Léonce Roux du Carla discovered several more fossils from the Grès d'Issel Member of the Sables du Castrais formation from February 1855 until his death in 1859, and this helped Noulet (1858) to confirm the Eocene age of the deposit. Despite this, all that remains today of du Carla's collection is a single jaw of Palaeotherium castrense from the Sables du Castrais Formation.

Between 1850 and 1868, during the construction of the Castres - Albi railroad, several more fossils were recovered from the Sables du Castrais Formation, including M. Zebrowsky's 1868 discovery of fossils within the area.

The Grès d'Issel Member was identified by Henri de Sévérac in 1873, and the Sables du Castrais Formation was first described by M. Richard in 1946.

The Grès d'Issel Member is located in a quarry which closed around 1966 and is now inaccessible due to it currently being located underneath a private garden.

== Age of the formation ==
The age of the Sables du Castrais Formation was listed as Eocene by Noulet (1858) and in 1867, Gervais noted that the Issel Member likely dated to the Early Eocene, while the Villeneuve-la-Comptal Member likely dated to the Middle Eocene. The formation as a whole falls within the unit MP16 of the Mammal Paleogene zones stratigraphic range.

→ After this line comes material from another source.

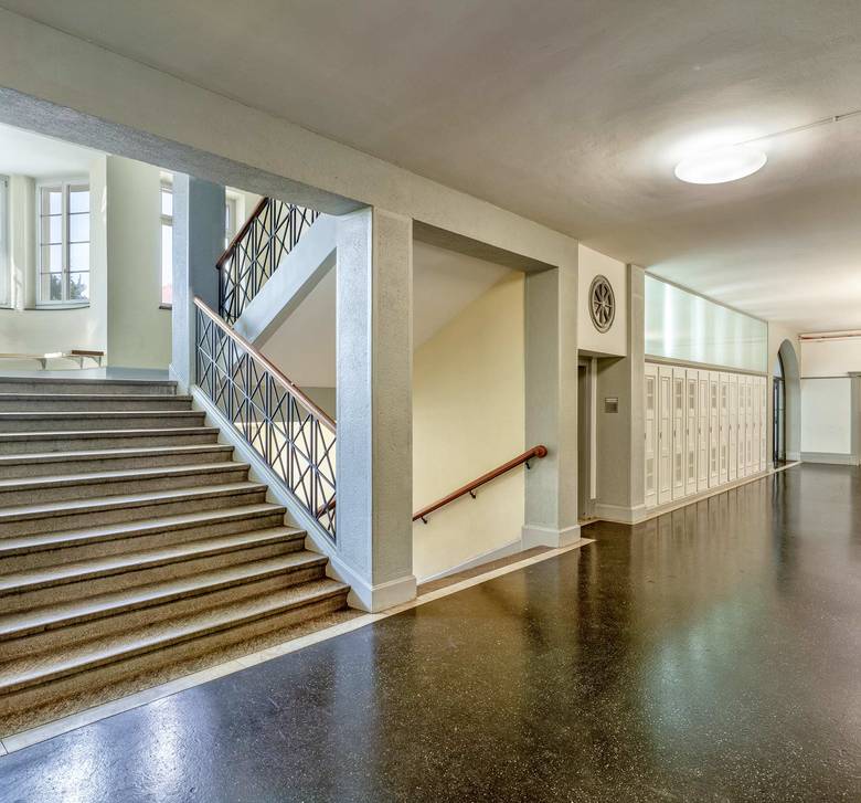 Die Fassade ist mit besonderem Augenmerk auf die denkmalpflegerischen Aspekte behutsam instandgesetzt worden. Alle unpassenden Fassadenelemente wurden entfernt. Die neuen Gestaltungselemente ergänzen den Bau im Sinne des ursprünglichen Bestandes. Auf eine nachträgliche Dämmung der Fassaden konnte aus Rücksicht auf die hochwertige Altbausubstanz verzichtet werden, da der Dachboden und die erdberührenden Böden nachträglich gedämmt worden sind. Die bestehenden Metallfenster sind durch gut gedämmte Holzfenster mit äusseren gekitteten Gläsern ausgetauscht worden. Der Ersatz der Rafflamellenstoren erfolgte durch filigrane Stoffmarkisen. Die beschädigten Sandstein- und Putzpartien (Kellenwurf) mussten nur punktuell restauriert werden. Die gesamte Farbgestaltung wurde nach den Originalfarben gehalten. Bei Elementen ohne erhaltenen Grundlagen erfolgte eine Interpretation in Rücksprache mit der Denkmalpflege. Die innere Tragstruktur musste erdbebenertüchtigt werden. Sämtliche Brandschutz- und Sicherheitsmängel sind behoben worden.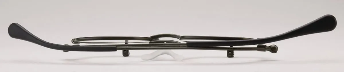 ホビーグラスの新型はもちろん跳ね上げ式であり、約24gと軽いため長時間の使用でも疲れにくく、畳むと約19mmと薄くなることでかばんやポケットに携帯しやくなりました。

Caraven-Cachin (1898) was the first to assign the Sables du Castrais Formation to the Bartonian. Stehlin (1910) and Escarguel (1999) dated the formation to the Lutetian-Bartonian and found it to overlie the Molasses de Saix et de Lautrec Formation. Fauré (2011) agreed with the more recent dating of the formation to the Ypresian-Bartonian.

== Geology ==
The base of the Sables du Castrais Formation, which overlies Danian rocks, is made up of Ypresian gravel clays and the Issel Sandstones, which range from 15-40 m, and the Argiles rutilants d'Issel et de Saint-Papoul Member is deposited within the gravel clays, and is between 20-30 m thick.

The Argiles rutilants d'Issel et de Saint-Papoul Member is overlain by the Lutetian Grès d'Issel Member, which is between 50-100 m thick, and is overlain by the Bartonian Molasses du Castelnaudary Member. The whole formation underlies the Molasses de Saix et de Lautrec Formation.

The Grès de Carcassonne Member also appears to be slightly younger than the Grès d'Issel Member, likely dating to the late Lutetian or early Bartonian.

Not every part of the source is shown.